Schema rollback (only if the current deploy introduced migrations that need to be reverted):

kubectl run guildhall-rollback --rm -it \
  --image=git.guildhouse.dev/tking/guildhall:<current-tag> \
  --overrides='{"spec":{"imagePullSecrets":[{"name":"guildhall-registry"}]}}' \
  -n guildhall -- \
  /app/bin/guildhall eval "Guildhall.OpsDb.Release.rollback(Guildhall.OpsDb.Repo, <migration_version>)"

Tear down the whole deployment

# Delete in reverse order; namespace deletion cascades everything
# attached to it (Deployments, Services, Pods, PVC... note that
# deleting the namespace ALSO deletes the PVC, which destroys the
# database. For non-destructive teardown, preserve the PVC first.)

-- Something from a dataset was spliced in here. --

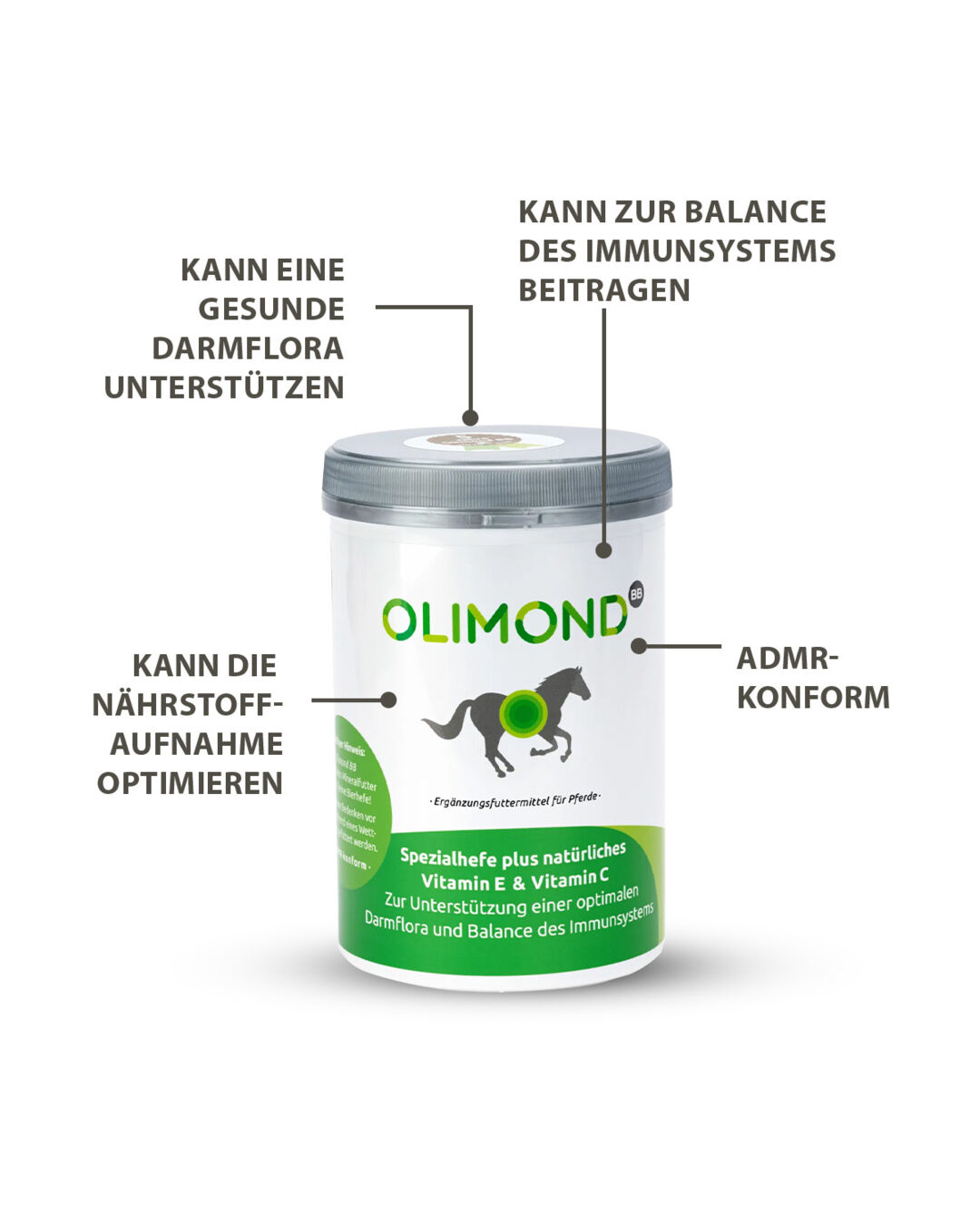 Olimond BB unterstützt durch inaktivierte Hefe und B-Vitaminen die Darmflora und das Immunsystem deines Lieblings. Der Vorteil zu anderen Hefeprodukten: Wichtige Stoffwechselprodukte müssen nicht erst im Magen gebildet werden, sondern sind bereits enthalten. Entdecke jetzt eine Auswahl an Olimond BB-Produkten bei uns im EQUIVA Store und Online und unterstütze die Gesundheit und das Wohlbefinden deines Pferdes.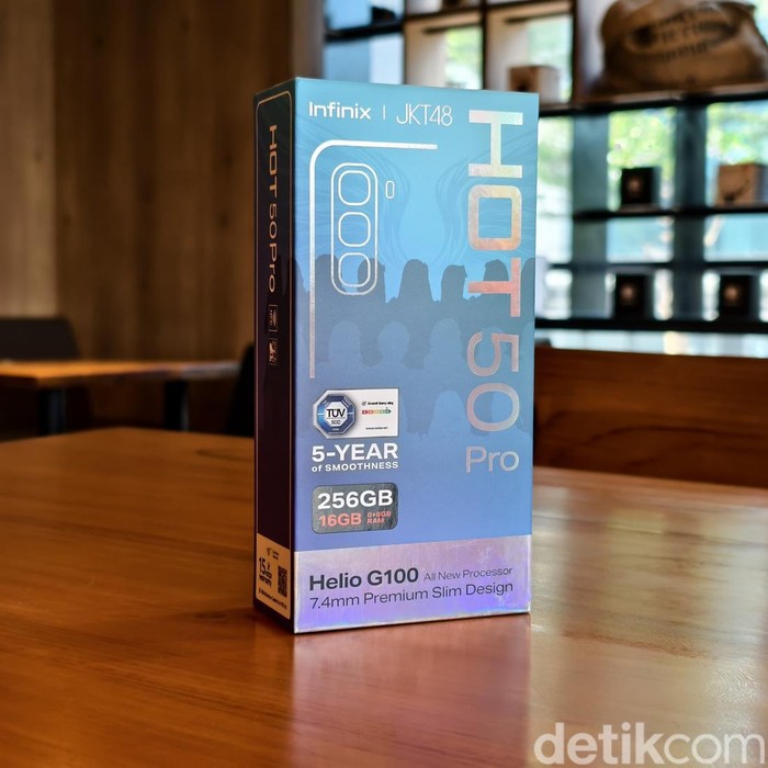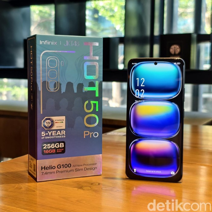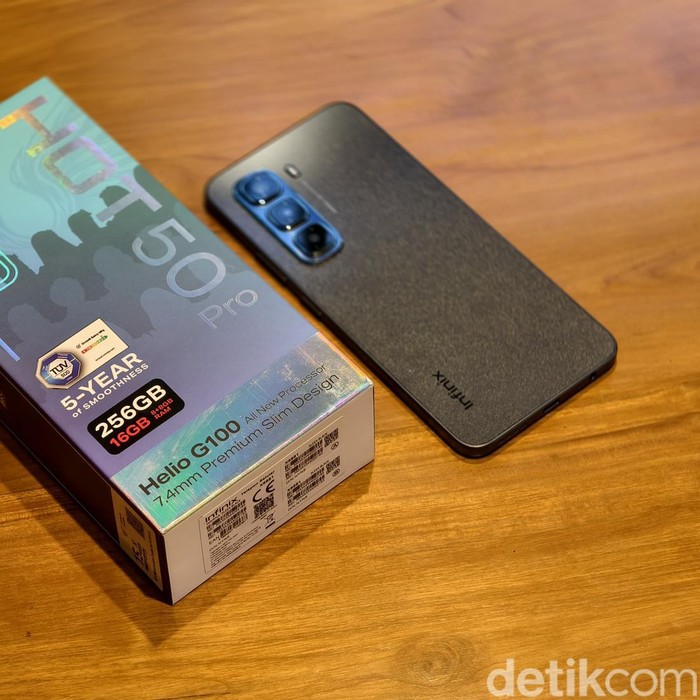 Infinix Hot 50 Pro disokong chip MediaTek Helio G100 HP ini mengantongi sertifikat TΓV SΓD 60-Month Fluency yang menjamin performa perangkat tetap mulus hingga lima tahun. Infinix mengklaim Hot 50 Pro menjadi seri smartphone pertama di industri yang mendapatkan sertifikasi tersebut, menjadikannya pilihan terbaik bagi konsumen yang mengutamakan keandalan jangka panjang Foto: Adi Fida Rahman/detikINET

kubectl delete svc guildhall -n guildhall                # triggers Hetzner LB deprovision
kubectl delete deployment guildhall -n guildhall
kubectl delete job -l app.kubernetes.io/name=guildhall,app.kubernetes.io/component=migration -n guildhall
kubectl delete deployment guildhall-postgres -n guildhall
kubectl delete svc guildhall-postgres -n guildhall

# PVC delete is destructive (Longhorn reclaim policy is Delete).
# Uncomment only if the database state should be destroyed:
# kubectl delete pvc guildhall-db -n guildhall

kubectl delete secret guildhall-registry guildhall-db-credentials guildhall-app-secrets -n guildhall

# Finally the namespace itself (retained if you want to keep PVC):
# kubectl delete namespace guildhall

Remove the Cloudflare DNS record for guildhall.guildhouse.dev if fully tearing down.


Known v0.1 limitations

  • Cloudflare-edge TLS, not cluster-terminated. Upgrading to cert-manager Certificate + in-cluster TLS is hygiene follow-up once the first deploy stabilizes. The letsencrypt-prod ClusterIssuer is already ready.
  • No Flux integration. Direct kubectl apply is the deploy mechanism for v0.1. Flux Kustomization for Guildhall is follow-up — especially once the broader Flux chain (cluster-infra, spire, quartermaster) is healed.
  • No OIDC / Keycloak integration. Guildhall's config/runtime.exs has commented-out OIDC env vars; wiring them to the existing auth.guildhouse.dev Keycloak is follow-up.
  • No substrate CRD integration. The CeremonyOrchestrator and ChronicleConsumer stubs are not yet watching real substrate CRDs — those integrations land after the substrate foundation is reconciling on this cluster.
  • Single replica. Safe for LiveView (no cluster sticky-session concerns at replicas=1). Scale once DNS cluster / horizontal-pod-autoscaler is configured.